Where I inquired, I saw no magnetic-stripped cards changing hands, so I cannot say, on the hot topic of DNA, that the sky is falling. This holds with my inclination to believe that the museum volunteers are not party to the privacy improprieties of the sponsors running the machines. But what hands-on scientific observations are being conducted on digital equipment, as distinguished from analog microscopes, might be kept in the records, and it would only require just one lab-coated coordinator to monitor which sample came from whom. And wouldn’t that be the whole ball of wax?
CRYING WOLF?
If all this seems implausible, consider what is happening at Buckley AFB, by coincidence only a few miles away in Denver. Although US security agencies refuse to comment, respected intelligence experts have determined that at Buckley reside the data storage units upon which are the recordings of every single cellphone conversation that’s been transmitted via satellite. Every last one, for the past several years. Current technology does not afford agents the capability to monitor all those calls, but the processors are quickly catching up. The spooks can project that the eventual capacity to parse the information is inevitable. So why not begin logging the information now? The public has learned about Buckley from former employees, this is not mere idle speculation. Meanwhile the telecom companies who’ve been complicit in the data collection, have been very adamant about receiving immunity from prosecution for what constitute gross violations of American law.
AND NOW?
The information tracking mechanisms are there, the DMNS staff do not presume to vouch for machines, only for the harmless cards. Meanwhile the DMNS has no written pledge that their visitors’ confidentiality is being respected. Harvesting test data is not illegal after all, and with the pretense of anonymity, it’s even laudable, in the name of Science and Nature. I am awaiting a written response from the “Expedition Health” curator, and I intend to solicit an informed and verifiable refutation of these charges. I’ll keep you posted.

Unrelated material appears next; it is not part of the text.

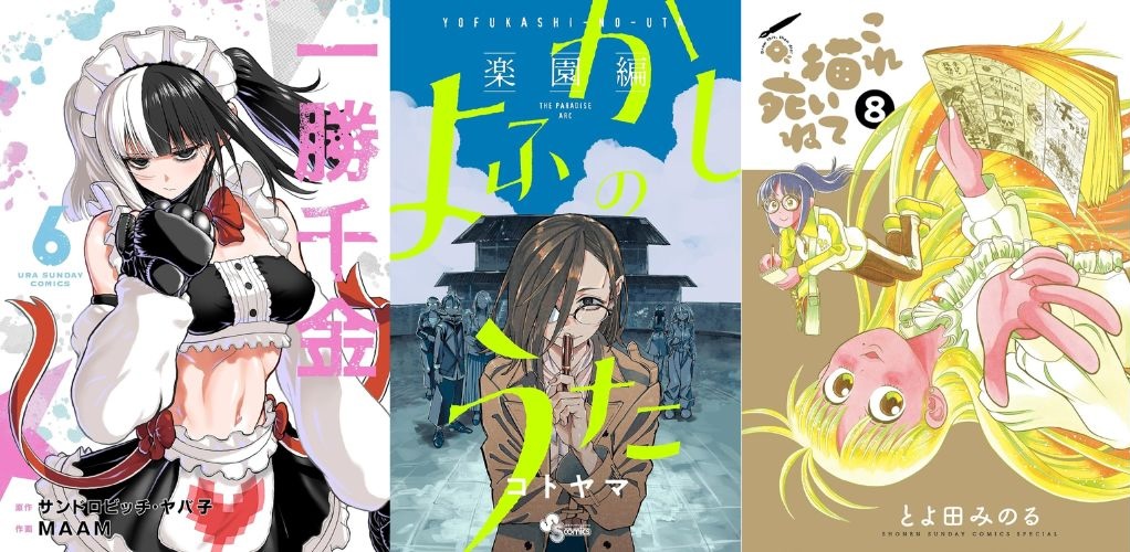 よふかしのうた -楽園編- (少年サンデーコミックス)よふかしのうた(1) (少年サンデーコミックス)よふかしのうた 公式ファンブック (少年サンデーコミックス)コトヤマ短編集 ファンフィクション (少年サンデーコミックス)だがしかし(1) (少年サンデーコミックス)一勝千金(6) (裏少年サンデーコミックス)ケンガンオメガ(30) (裏少年サンデーコミックス)ケンガンアシュラ(1) (裏少年サンデーコミックス)ダンベル何キロ持てる?(20) (裏少年サンデーコミックス)ブルーウルスス(1) (裏少年サンデーコミックス)これ描いて死ね(8) (ゲッサン少年サンデーコミックス)大ダーク(9) (ゲッサン少年サンデーコミックス)ドロヘドロ(1) (IKKI COMIX)COSMOS(7) (サンデーGXコミックス)葬送のフリーレン(14) (少年サンデーコミックス)終の退魔師 ―エンダーガイスター―<無修正ver.>(21) (サイコミ×裏少年サンデーコミックス)名探偵コナン(107) (少年サンデーコミックス)異世界美少女受肉おじさんと(16) (サイコミ×裏少年サンデーコミックス)廻天のアルバス(6) (少年サンデーコミックス)BLUE GIANT MOMENTUM(5) (ビッグコミックススペシャル)シルバーマウンテン(1) (少年サンデーコミックス)からくりサーカス(1) (少年サンデーコミックス)うしおととら(1) (少年サンデーコミックス)アオイホノオ(32) (ゲッサン少年サンデーコミックス)ありす、宇宙までも(4) (ビッグコミックス)百瀬アキラの初恋破綻中。(4) (少年サンデーコミックス)新九郎、奔る!(21) (ビッグコミックス)アオアシ(40) (ビッグコミックス)空母いぶきGREAT GAME(17) (ビッグコミックス)尾守つみきと奇日常。(7) (少年サンデーコミックス)MIX(23) (ゲッサン少年サンデーコミックス)劇光仮面(7) (ビッグコミックススペシャル)正直不動産(22) (ビッグコミックス)路傍のフジイ(5) (ビッグコミックス)マネマネにちにち(2) (ゲッサン少年サンデーコミックス)ミハルの戦場(2) (マンガワンコミックス)機動戦士ガンダム サンダーボルト(26) (ビッグコミックススペシャル)『機動戦士ガンダムサンダーボルト』26集限定版 描きおろしBOOK付き (ビッグコミックススペシャル)機動戦士ガンダム アグレッサー(22) (少年サンデーコミックススペシャル)ヨシダ檸檬ドロップス(4) (ビッグコミックス)帝乃三姉妹は案外、チョロい。(16) (少年サンデーコミックス)レッドブルー(15) (少年サンデーコミックス)となりの席のヤツがそういう目で見てくる(4) (サンデーうぇぶりコミックス)龍と苺(22) (少年サンデーコミックス)トニカクカワイイ(32) (少年サンデーコミックス)あと6日で滅びる崖っぷち国家のハーレムに召喚されてしまった(2) (やわらかスピリッツ)ロードマギアの弟子(4) (サンデーうぇぶりコミックス)ソアラと魔物の家(6) (サンデーうぇぶりコミックス)ひらやすみ(9) (ビッグコミックス)日陰者でもやり直していいですか?(2) (サイコミ×裏少年サンデーコミックス)昭和天皇物語(17) (ビッグコミックス)負けヒロインが多すぎる!@comic(5) (マンガワンコミックス)永世乙女の戦い方(13) (ビッグコミックス)レ・セルバン(7) (マンガワンコミックス)上杉くんは女の子をやめたい(3) (ちゃおコミックス)九条の大罪(14) (ビッグコミックス)闇金ウシジマくん(1) (ビッグコミックス)少年院ウシジマくん(5) (マンガワンコミックス)闇金ウシジマくん外伝 肉蝮伝説(24) (やわらかスピリッツ)ブラック・ラグーン(13) (サンデーGXコミックス)BLACK LAGOON エダ イニシャルステージ(7) (サンデーGXコミックス)レジスタ!(1) (ゲッサン少年サンデーコミックス)ホタルの嫁入り(9) (マンガワン女子部)写らナイんです(5) (少年サンデーコミックス)ゾン100~ゾンビになるまでにしたい100のこと~(20) (サンデーGXコミックス)獣王と薬草(6) (裏少年サンデーコミックス)TSUYOSHI 誰も勝てない、アイツには(27) (サイコミ×裏少年サンデーコミックス)異世界ありがとう(8) (マンガワンコミックス)マチネとソワレ(17) (ゲッサン少年サンデーコミックス)パラショッパーズ(2) (少年サンデーコミックス)魔王城でおやすみ(30) (少年サンデーコミックス)アイツノカノジョ(7) (サンデーうぇぶりコミックス)うしろの正面カムイさん(11) (裏少年サンデーコミックス)あくたの死に際(4) (裏少年サンデーコミックス)東京最低最悪最高!(2) (ビッグコミックス)血と灰の女王(25) (マンガワンコミックス)最強女師匠たちが育成方針を巡って修羅場(10) (マンガワンコミックス)ふしぎ遊戯 白虎仙記(5) (フラワーコミックス)黒薔薇アリスD.C.al fine(5) (フラワーコミックスα)スーパースターを唄って。(6) (ビッグコミックス)東京貧困女子。(15) (ビッグコミックス)深夜食堂(30) (ビッグコミックススペシャル)ジャジャ(38) (サンデーGXコミックス)はじめてのセフレ(1) (やわらかスピリッツ)チラチラ(5) (ビッグコミックス)ダウナーお姉さんは遊びたい(2) (てんとう虫コミックススペシャル)おじ転生~悪役令嬢の加齢なる生活~(3) (サンデーうぇぶりコミックス)サイコアイズ(4) (サンデーうぇぶりコミックス)今日も吹部は!(3) (サンデーうぇぶりコミックス)JUMBO MAX~ハイパーED薬

The “Expedition Health” installation went up in April, but it’s not coming down. It’s the most recent PERMANENT EXHIBIT to be added to the DMNS offerings. Add the trajectory of time to the information the diagnostics will be able to assemble about you.
And so, what do you think of a museum of Nature and Science, adding a whole wing about FREE HEALTH TESTING? Is that the dominion of museums, usually public repositories of the archives of knowledge? Or can you imagine a more appropriate setting for equipment and staff to perform medical checkups?